Many churches have already implemented small groups in one form or another. If your church has not yet begun meeting in small groups, now is the perfect time to start. Recent global events will make many leery of large assemblies for a time, and some states will implement a plan to open in phases. Small groups will be able to meet again weeks ahead of the whole church body.
As a model, small groups excel at forming stronger, more deeply edifying relationships in the congregation, and training strong godly leaders who could go on to found more churches. Groups formed around specific topics may deeply study in the Word of God in a life-changing way.
Small groups provide a place for growing Christians to ask questions and pray more directly for the more intimate aspects of each other’s lives. Small groups spread the load of fostering growth and ministering to saints over multiple small group leaders who are all led by the pastor. With a team of people willing and enabled to minister and lead, the burden will be lighter—perhaps as light as Christ had intended?

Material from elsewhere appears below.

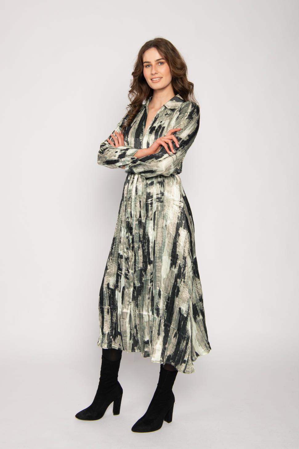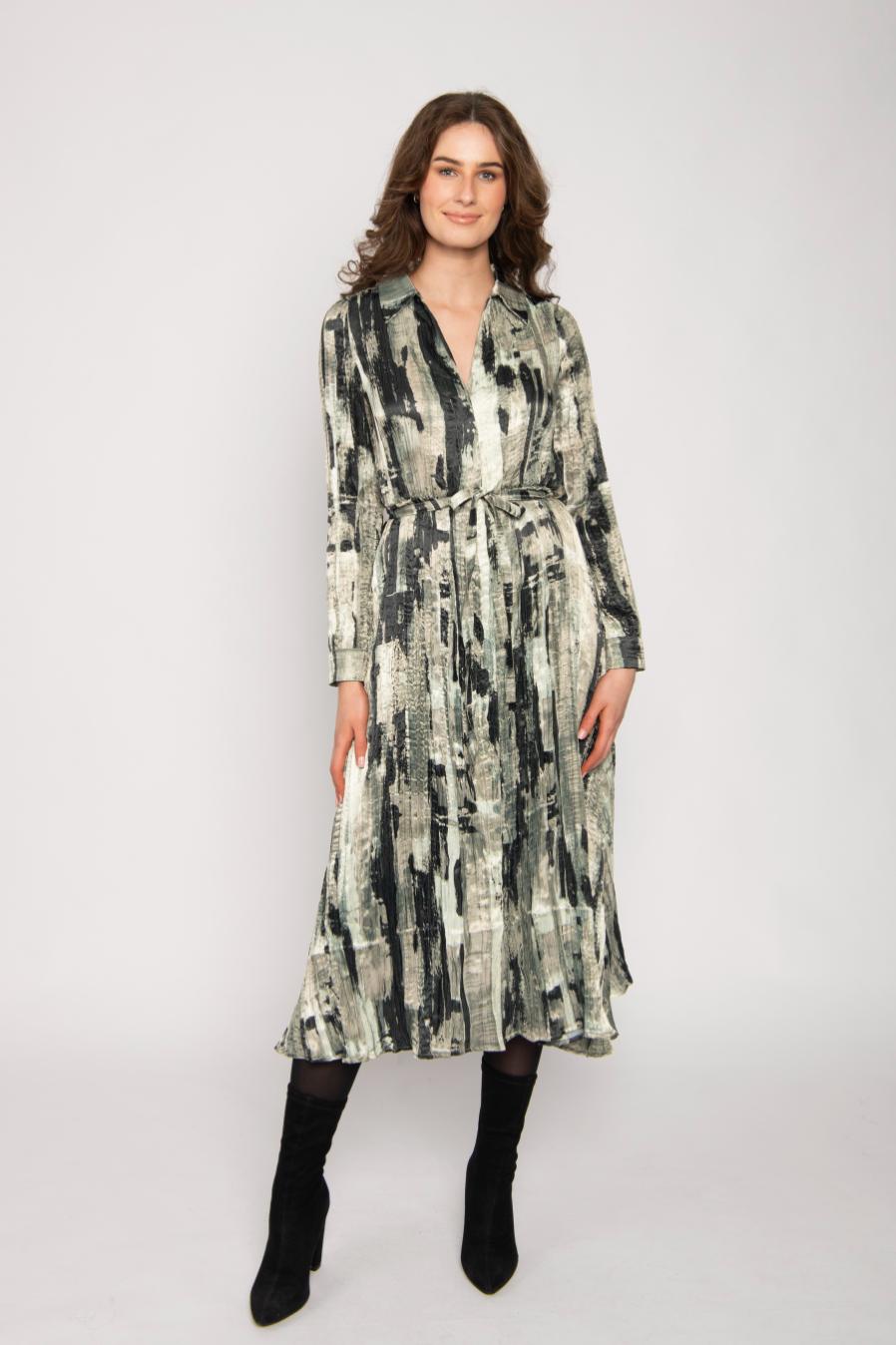 SHIRT NECK CRINKLED LONG SLEEVE CONCEALED BUTTON FRONT MIDI DRESS WITH ELASTIC & TIE WAIST & ALL OVER BRUSH STROKE PRINT
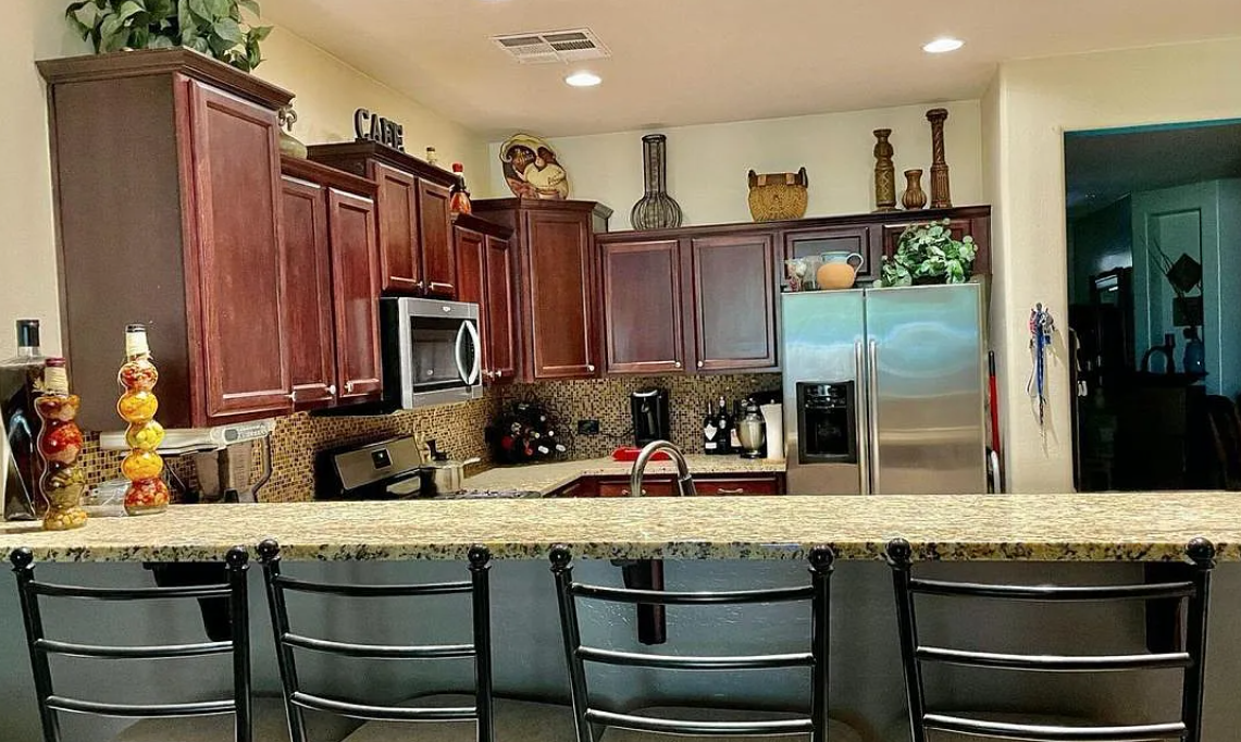 This home welcomes you with beautiful curb appeal and a well-designed floor plan. Inside, you’ll find tile flooring throughout, accented by large white baseboards for a clean, modern look. The kitchen features granite countertops, a mini mosaic tile backsplash, staggered maple chocolate cabinets with crown molding, a tall breakfast bar, gas stove, and a spacious walk-in pantry. Bedrooms offer large walk-in closets, while the family room includes a cozy fireplace. The backyard is lush and invitin

Encourage Small Groups to Stay Connected
If your church already meets in small groups, this is a great time to invest more deeply into them. Encourage your small group leaders to check in on each person in their small group regularly. Perhaps daily, but at the least several times a week. Small group leaders should encourage their small group to stay faithful to their daily, personal Bible study. Perhaps they can host live-streamed meetings. They should continue to share prayer requests and praises with each other to keep their love for one another growing. “Confess [your] faults one to another, and pray one for another, that ye may be healed. The effectual fervent prayer of a righteous man availeth much.” James 5:16
It is often said from the pulpit that each member of the congregation is a part of the church every day of the week. This is true, but often the gap between being a church member on Sunday morning and being an individual on Thursday afternoon is hard to close in practice. How are we the church every day, in a practical sense? Through small groups. Small groups that love with a love that acts. A love that prays. A love that preaches—and lives—the Gospel. A love that has your back. A love that comforts, strengthens, supports, and lifts up. A love that meets needs.